Irreducibility of cubic polynomials over finite fields $F_{p}$

Question

Let $f$ be the polynomial $X^3 -rX -s$, where $r>0$ and $s>0$ and let $\Delta$ be its discriminant. Suppose that $\Delta$ is a square, and that $p$ and $q$ are primes such that $\Delta$ divides $p-q$. Under those conditions, is it always the case that $f$ is irreducible over $F_{p}$ iff f is irreducible over $F_{q}$? If $\Delta$ is not a square, it's easy to find counterexamples.
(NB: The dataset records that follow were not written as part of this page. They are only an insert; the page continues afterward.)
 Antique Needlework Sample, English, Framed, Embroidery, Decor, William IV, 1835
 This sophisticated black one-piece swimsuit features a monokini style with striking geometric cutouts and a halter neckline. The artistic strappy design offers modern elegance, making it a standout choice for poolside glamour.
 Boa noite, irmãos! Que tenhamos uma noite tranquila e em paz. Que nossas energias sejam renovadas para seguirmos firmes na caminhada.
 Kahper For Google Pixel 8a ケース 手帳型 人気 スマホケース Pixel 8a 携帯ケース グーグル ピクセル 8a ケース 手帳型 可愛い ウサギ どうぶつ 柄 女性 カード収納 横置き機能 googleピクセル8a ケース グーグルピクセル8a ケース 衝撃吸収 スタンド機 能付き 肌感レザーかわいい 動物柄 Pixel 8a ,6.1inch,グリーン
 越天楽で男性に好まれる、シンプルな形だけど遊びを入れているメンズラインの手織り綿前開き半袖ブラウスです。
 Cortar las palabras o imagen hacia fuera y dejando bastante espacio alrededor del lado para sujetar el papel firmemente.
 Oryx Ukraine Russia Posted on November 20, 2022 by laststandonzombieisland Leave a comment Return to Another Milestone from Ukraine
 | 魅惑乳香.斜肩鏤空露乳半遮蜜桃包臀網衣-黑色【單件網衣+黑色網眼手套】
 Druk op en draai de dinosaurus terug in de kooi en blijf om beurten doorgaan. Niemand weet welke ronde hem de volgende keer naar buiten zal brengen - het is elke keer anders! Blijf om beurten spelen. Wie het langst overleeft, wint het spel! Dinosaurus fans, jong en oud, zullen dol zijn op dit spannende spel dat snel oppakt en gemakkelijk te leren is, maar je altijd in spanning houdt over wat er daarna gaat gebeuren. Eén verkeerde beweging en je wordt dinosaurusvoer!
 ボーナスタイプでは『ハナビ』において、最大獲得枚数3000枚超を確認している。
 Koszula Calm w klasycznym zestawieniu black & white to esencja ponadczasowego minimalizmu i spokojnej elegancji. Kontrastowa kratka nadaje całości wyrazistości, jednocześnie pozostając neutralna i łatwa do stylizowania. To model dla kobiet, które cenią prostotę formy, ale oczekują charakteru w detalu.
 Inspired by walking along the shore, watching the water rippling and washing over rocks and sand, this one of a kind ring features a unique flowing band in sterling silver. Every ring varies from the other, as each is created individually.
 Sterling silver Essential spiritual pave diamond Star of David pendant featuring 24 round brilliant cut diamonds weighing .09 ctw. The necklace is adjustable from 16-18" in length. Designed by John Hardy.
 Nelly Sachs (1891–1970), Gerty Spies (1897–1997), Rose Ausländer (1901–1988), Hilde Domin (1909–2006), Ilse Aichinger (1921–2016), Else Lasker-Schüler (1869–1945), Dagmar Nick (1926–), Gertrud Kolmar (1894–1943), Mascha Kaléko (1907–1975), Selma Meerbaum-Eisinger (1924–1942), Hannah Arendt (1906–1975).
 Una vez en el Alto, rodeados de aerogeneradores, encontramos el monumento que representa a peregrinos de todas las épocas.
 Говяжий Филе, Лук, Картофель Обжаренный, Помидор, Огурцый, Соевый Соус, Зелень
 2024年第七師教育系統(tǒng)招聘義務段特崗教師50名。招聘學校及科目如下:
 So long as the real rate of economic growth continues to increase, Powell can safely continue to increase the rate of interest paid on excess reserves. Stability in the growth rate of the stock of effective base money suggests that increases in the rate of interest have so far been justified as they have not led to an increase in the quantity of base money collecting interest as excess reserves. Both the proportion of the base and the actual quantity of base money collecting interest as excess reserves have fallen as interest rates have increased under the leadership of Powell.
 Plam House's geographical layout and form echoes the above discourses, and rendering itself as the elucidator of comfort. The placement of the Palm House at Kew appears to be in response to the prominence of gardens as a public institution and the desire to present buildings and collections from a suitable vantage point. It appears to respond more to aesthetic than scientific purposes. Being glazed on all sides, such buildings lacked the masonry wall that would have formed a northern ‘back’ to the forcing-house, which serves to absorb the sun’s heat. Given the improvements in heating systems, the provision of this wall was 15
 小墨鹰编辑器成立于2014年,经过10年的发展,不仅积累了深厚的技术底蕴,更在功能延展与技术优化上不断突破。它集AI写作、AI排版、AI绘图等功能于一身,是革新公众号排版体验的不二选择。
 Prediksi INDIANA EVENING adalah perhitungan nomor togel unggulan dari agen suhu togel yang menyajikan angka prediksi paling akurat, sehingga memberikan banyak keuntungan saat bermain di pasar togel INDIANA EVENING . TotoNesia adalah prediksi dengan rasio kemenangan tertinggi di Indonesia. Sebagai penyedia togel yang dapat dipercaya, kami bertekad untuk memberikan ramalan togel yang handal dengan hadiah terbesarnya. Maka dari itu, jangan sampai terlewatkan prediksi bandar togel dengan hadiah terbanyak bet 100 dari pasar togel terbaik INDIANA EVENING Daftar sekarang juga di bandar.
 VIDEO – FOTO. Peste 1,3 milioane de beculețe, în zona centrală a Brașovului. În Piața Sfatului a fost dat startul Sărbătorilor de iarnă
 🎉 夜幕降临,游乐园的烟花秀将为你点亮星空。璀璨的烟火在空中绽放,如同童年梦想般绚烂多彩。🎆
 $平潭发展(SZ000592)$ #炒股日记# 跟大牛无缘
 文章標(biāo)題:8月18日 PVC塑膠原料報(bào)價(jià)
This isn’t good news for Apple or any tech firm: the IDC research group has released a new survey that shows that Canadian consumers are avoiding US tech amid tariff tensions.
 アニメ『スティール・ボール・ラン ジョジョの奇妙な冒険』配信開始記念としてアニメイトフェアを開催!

For quadratic polynomials $X^2 -a$, one has periodicity in $n$ of the Jacobi symbol $(n/a)$ and a quadratic reciprocity law for $(n/a)$ and $(a/n)$ when $a$ and $n$ are odd.

Answer 1

This basically uses the ideas in Jyrki's comments. If $p,q\mid \Delta$ the result is clear because then $f$ has a square factor mod both $p,q$. Otherwise $f$ is separable mod $p,q$. Then the splitting of $f$ mod $p$ determines the splitting of $p$ in $K=\Bbb Q[t]/(f)$ and conversely. Since $\Delta$ is a square, $K$ is an abelian extension of $\Bbb Q$. Let $N$ be the conductor of $K$. Then $N$ divides the discriminant of $K$, in fact $\Delta_K=N^2$ (see this, or this, maybe there is a way to avoid this? I don't know enough about the relation between conductor/discriminant). Also $\Delta_K\mid \Delta$. So if $p\equiv q\pmod\Delta$, then $p\equiv q\pmod N$, so they have the same image under the Artin map $(\Bbb Z/N\Bbb Z)^\times\to\operatorname{Gal}(K/\Bbb Q)$ and from this we get that $p,q$ have the same splitting behaviour in $K$. In particular $f$ is irreducible mod $p$ iff $f$ is irreducible mod $q$.

In a way this is a generalization of the proof of the quadratic case you mention.